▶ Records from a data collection
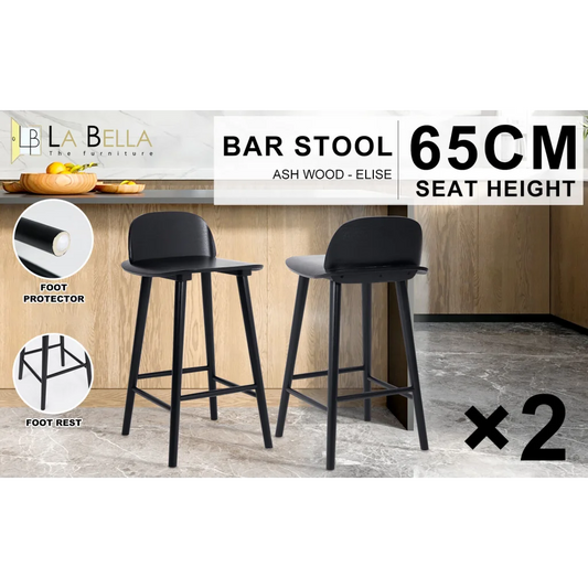 2X Wooden Bar Stool Dining Chair Ash Wood ELISE 65cm BLACK
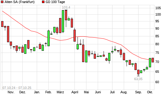 Mit dem Rücksetzer auf 69,00 EUR hat die Alten-Aktie am 06.10.2025 die 100-Tage-Linie nach unten gekreuzt.Die Alten-Aktie befindet sich seit dem 31.03.2025 im langfristigen Abwärtstrend ...weiterlesen
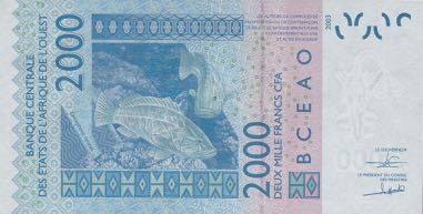 - Billet 2000 Francs CFA Afrique Ouest XOF 2018 verso
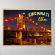 Uma vista noturna de uma ponte suspensa sobre o rio Ohio em Cincinnati.
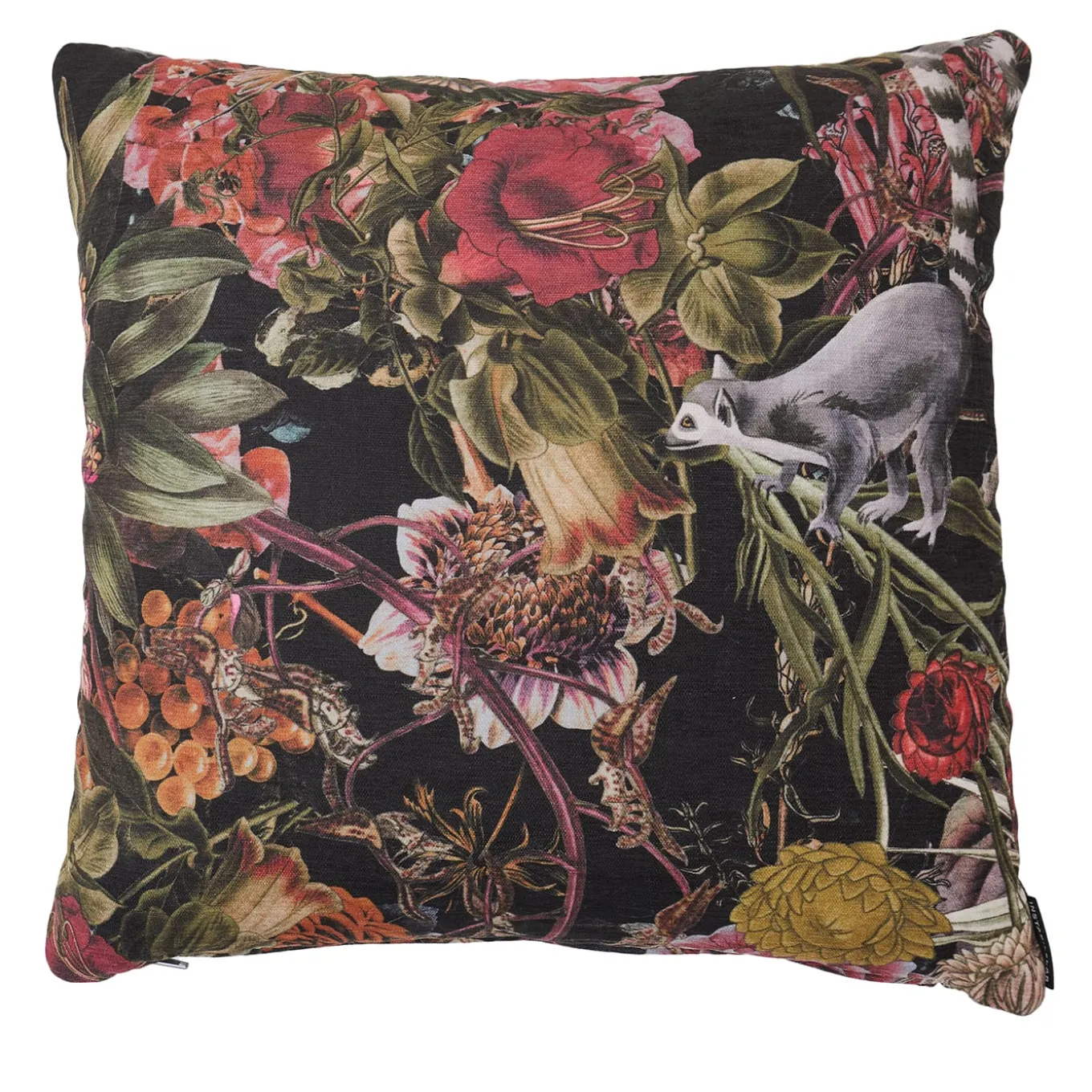 This set of two decorative cushions features the Zaira pattern, offering an immersive experience into the wild. Intricate details of vibrant flowers and exotic fauna create a striking contrast against the dark background. This bold yet elegant choice, combined with the softness of the velvet cover, adds depth and a touch of adventure. They can be printed with any design from the Instabilelab collection. Upholstery included. Please contact the concierge for further details.
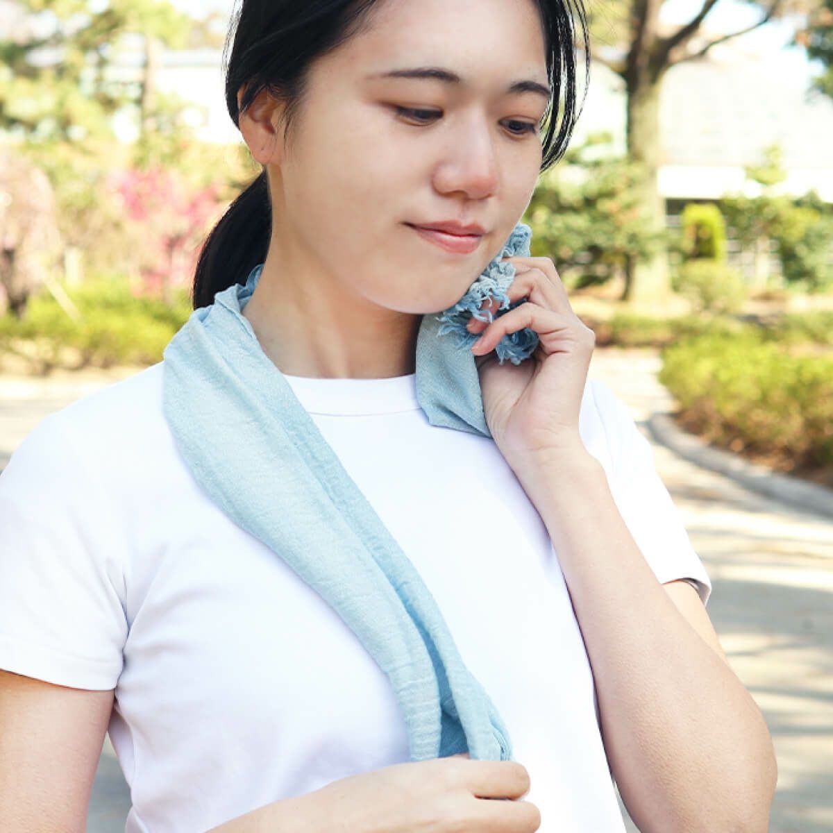 さっと首に巻くだけで、
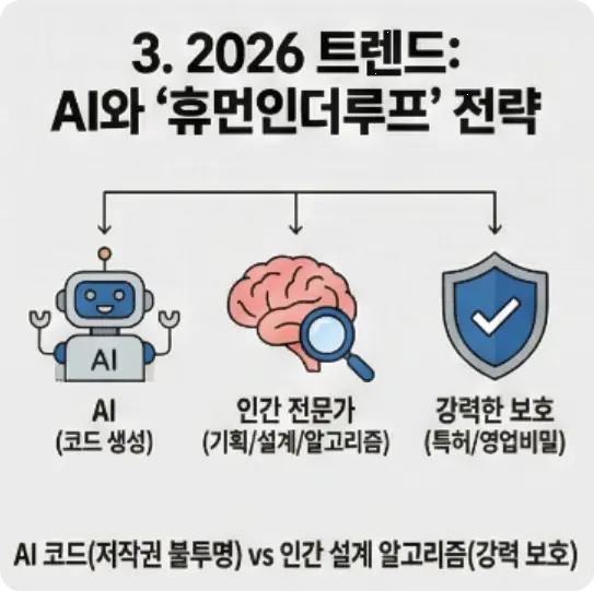 AI가 생성한 코드는 저작권 인정 여부가 불투명하지만, 사람이 기획하고 설계한 '알고리즘'은 여전히 강력한 보호 대상입니다.

▶ How to complete this task
Begin at the first line of the entries and stop after the line holding "Uma vista noturna"; repeat those lines exactly, but not the pictures.

▶ The completed task
 2X Wooden Bar Stool Dining Chair Ash Wood ELISE 65cm BLACK
 Mit dem Rücksetzer auf 69,00 EUR hat die Alten-Aktie am 06.10.2025 die 100-Tage-Linie nach unten gekreuzt.Die Alten-Aktie befindet sich seit dem 31.03.2025 im langfristigen Abwärtstrend ...weiterlesen
 - Billet 2000 Francs CFA Afrique Ouest XOF 2018 verso
 Uma vista noturna de uma ponte suspensa sobre o rio Ohio em Cincinnati.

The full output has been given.